Can we see a diagram here showing exactly how this is connected?

Steve

Rocco83

Hi Steve,

Sure,

uplink #1        uplink #2
10.199.240.201 10.199.240.202 (VIP: 10.199.240.203)
|                   |
-------|     |-------
        switch (VLAN 11, private interconnect 10.199.240.200/29)
-------|     |-------
|                   |
10.199.240.205 10.199.240.206 
fw1               fw2

10.199.240.200/29 interconnect network
10.199.240.201 uplink #1
10.199.240.202 uplink #2
10.199.240.203 uplink VIP (VIP among the two uplink: 10.199.240.203, which is the default gw for fw)
10.199.240.204 fw VIP(VIP among the two fw: 10.199.240.204, which is the gw for uplink to 10.11.0.0/16)
10.199.240.205 fw1
10.199.240.206 fw2

10.11.0.0/16 public network (fake ip)
11.22.3.17 fw VIP public IP
11.22.3.18 fw1 public IP
11.22.3.19 fw2 public IP

As (i guess you through email) noticed, there is a particular line in the which show that the packet go back for 10.199.240.206.
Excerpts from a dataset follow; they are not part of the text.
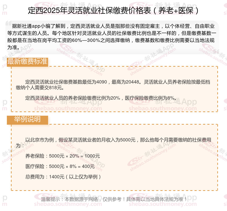 定西灵活就业人员的养老保险缴费比例为20%,医疗保险缴费比例为8%。
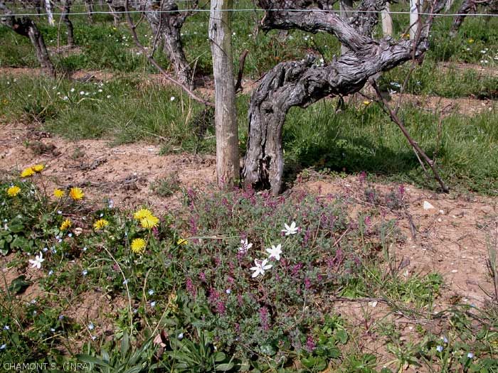 C'est une adventice que l'on peut trouver en Espagne et Italie. En France, elle est présente en vergers et au vignoble (figure) ainsi que dans les céréales.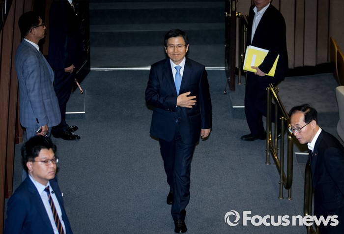 (서울=포커스뉴스) 19일 오전 서울 여의도 국회에서 344회 국회(임시회) 1차 본회의, 사드(THAAD·고고도미사일방어체계) 배치에 대한 긴급현안질문을 마친 뒤 황교안 국무총리가 퇴장하고 있다.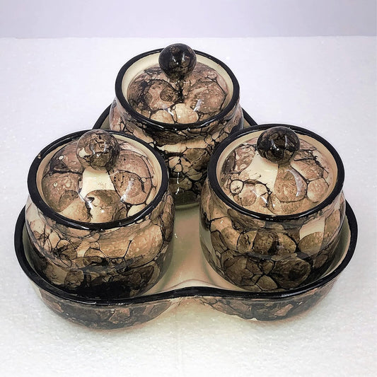 RAJ ROYAL Ceramic Storage Container Cainster Barni Jar with Lid & Tray. for pickle Chutney Tea Sugar Salt Spices - 200 Grams storage each, Set of 3,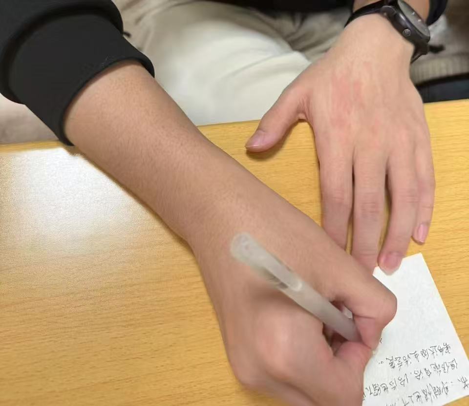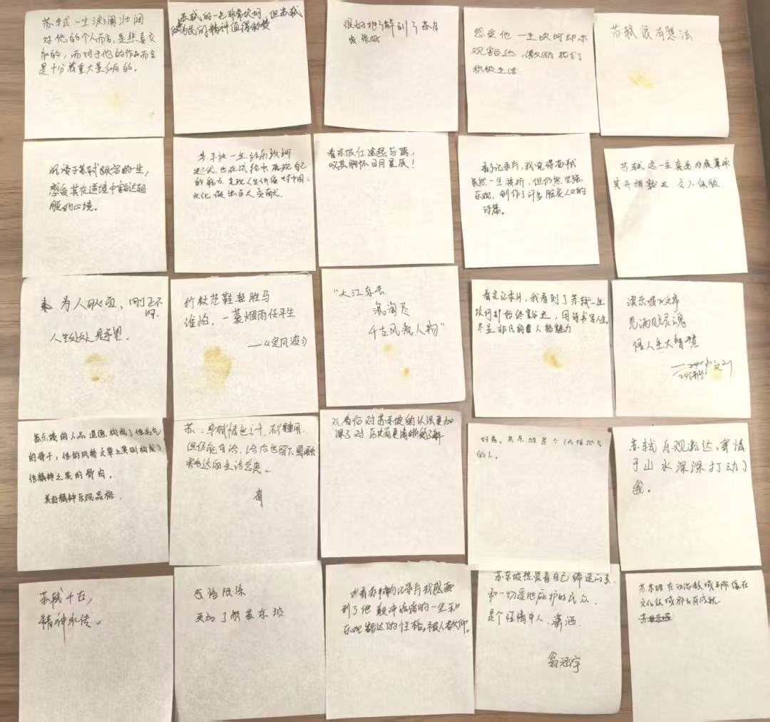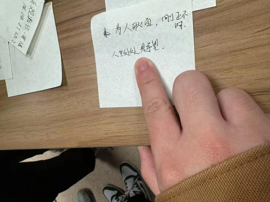 纪录片结束后,我们为同学们发放便签纸和笔,让大家在便签纸上写下自己的观影感受,并依次按下自己的“金”手印。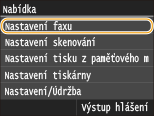 Všechna nastavení týkající se faxování jsou uvedena s krátkým popisem. Výchozí nastavení jsou označena křížkem (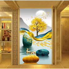 北爱过道壁画3d立体走廊过道玄关壁画现代简约壁纸竖版8d装饰画背景墙墙纸麋鹿定制一整张 8D晶雕立体壁画/平米性价比高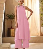 Light Pink Halter Neck Kurta And Culottes Set With Front Pocket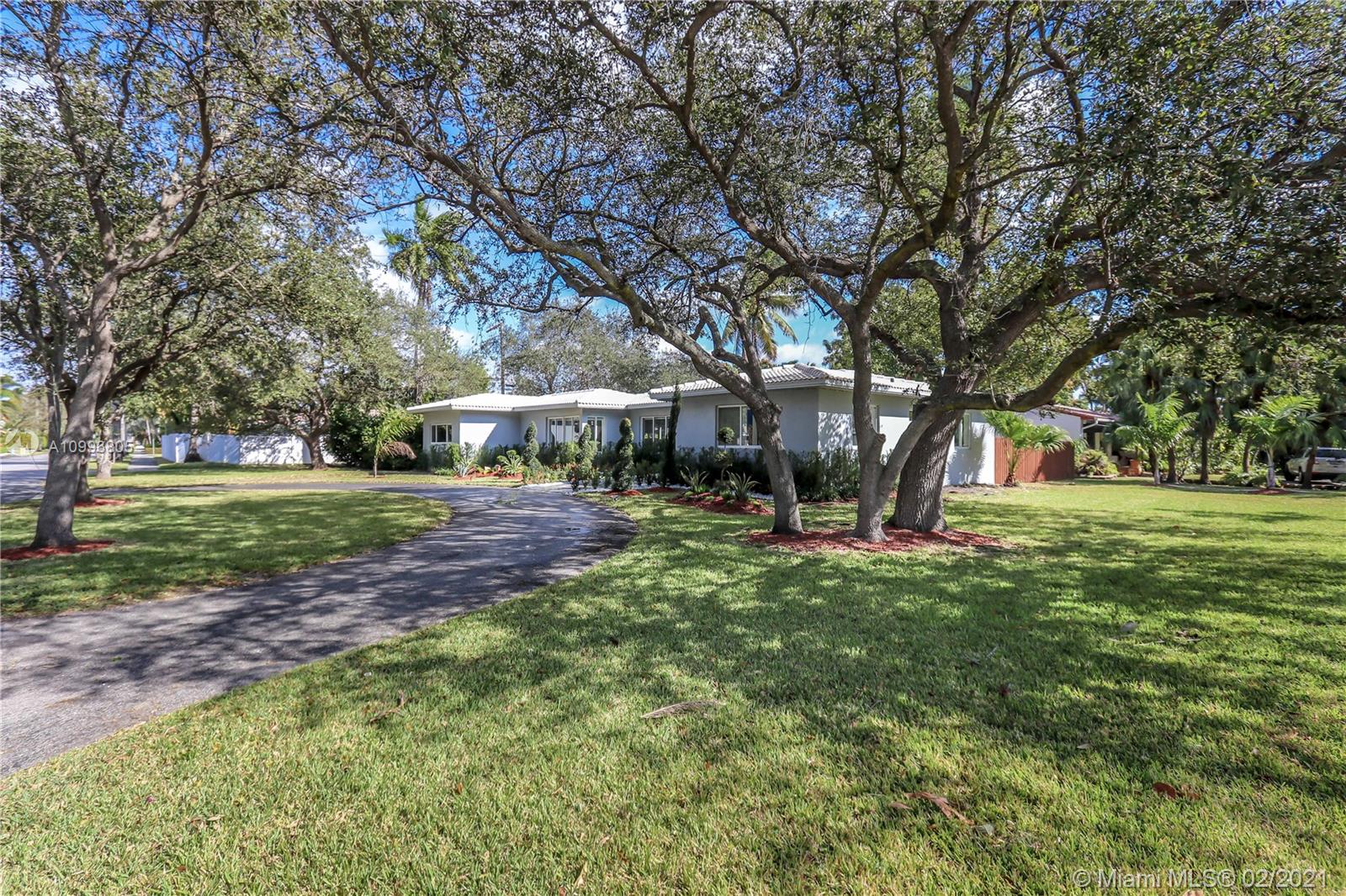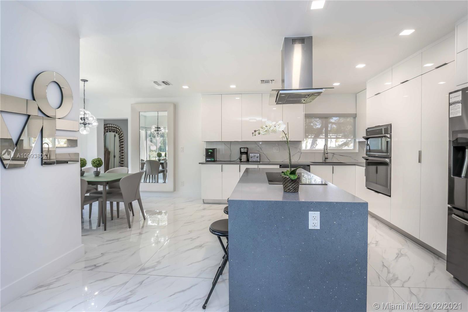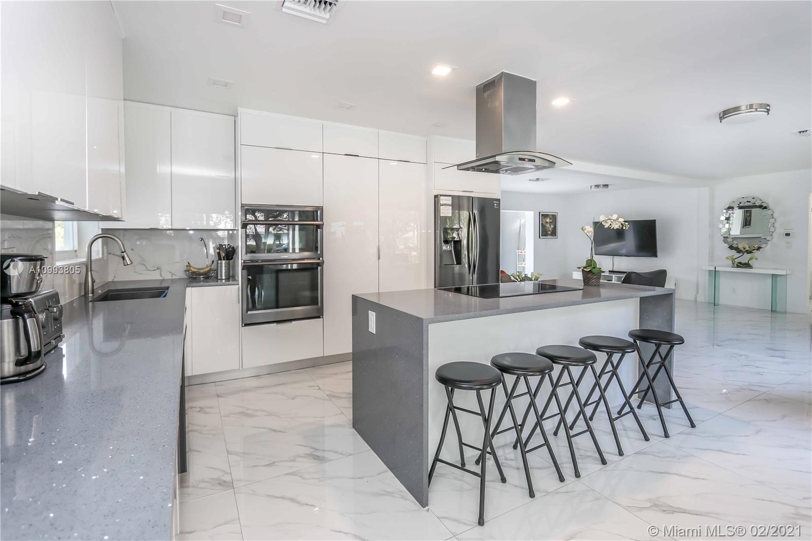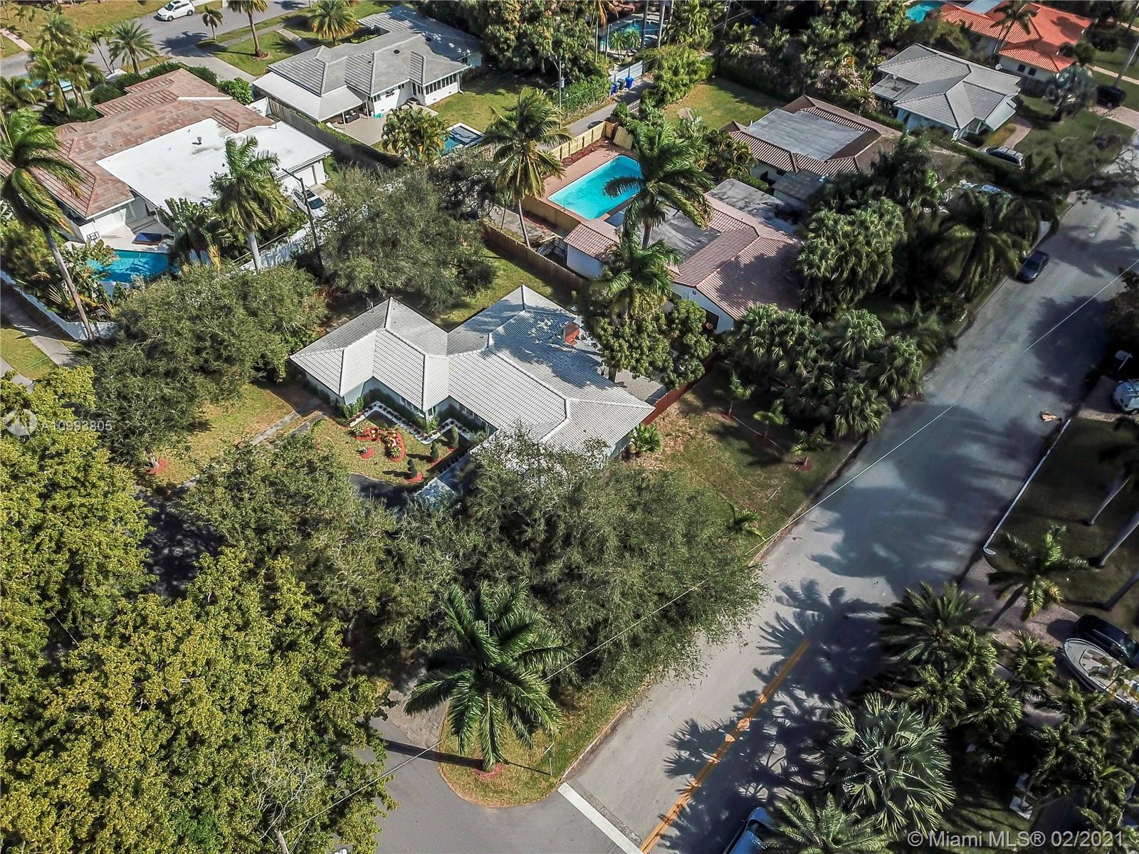 Great corner property, double lot, with over 15 thousand sq ft lot, this house features 4 Bedrooms, 3 Baths, updated kitchen and bathrooms, 32 x 32 porcelain tiles throughout, open concept split floorplan, kitchen with island, quartz countertop, new stainless steel Samsung appliances, white cabinetry, spacious laundry room, room for pool, circular driveway, fenced backyard, impact windows throughout, tankless water heater, roof redone in 2008, electrical redone in 2018 all new interior doors.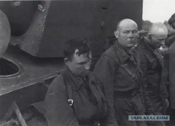 Пленные советские танкисты из состава 2-й танковой дивизии 3-го мехкорпуса Северо-Западного фронта у своего танка КВ-1. В конце июня 1941 года в районе города Расейняй вместе с другим КВ-1 этой же части вел бой за развилку дорог. После потери возможности вести огонь был окружен немецкими солдатами, уцелевшие члены экипажа были взяты в плен после того, как немцам удалось сорвать ломом крышку люка механика-водителя.

My best guessing is that given the peculiarity of this network, fw1 is contacted from upstream, and therefore there is an asymmetric routing.

Thanks,
Daniele

stephenw10

Ah, Ok that looks like what I had assumed. The only confusing part here is that what you also showed the public /28 subnet (here as 11.22.3.16/28) on a DMZ interface directly. That is the case?

I assume fw2 has 10.199.240.203 as it's default route?

And that whatever is upstream is routing 11.22.3.16/28 to 10.199.240.204?

That seems like a problem as replies to 11.22.3.19 will be sent back to fw1.

Check the MAC addresses in that packet capture. Do the one or two replies you see actually come from the upstream gateway?

Steve

Rocco83

@stephenw10 said in NAT stop working suddenly after a couple of packets:

Ah, Ok that looks like what I had assumed. The only confusing part here is that what you also showed the public /28 subnet (here as 11.22.3.16/28) on a DMZ interface directly. That is the case?

Correct, 11.22.3.16/28 is defined as DMZ directly (but of course from the schema perspective behind the WAN).

I assume fw2 has 10.199.240.203 as it's default route?

Correct, both fw1 and fw2 has 10.199.240.203 as default gw

And that whatever is upstream is routing 11.22.3.16/28 to 10.199.240.204?

Correct.
And whatever is the correct wording (no cdp, no lldp, no nothing).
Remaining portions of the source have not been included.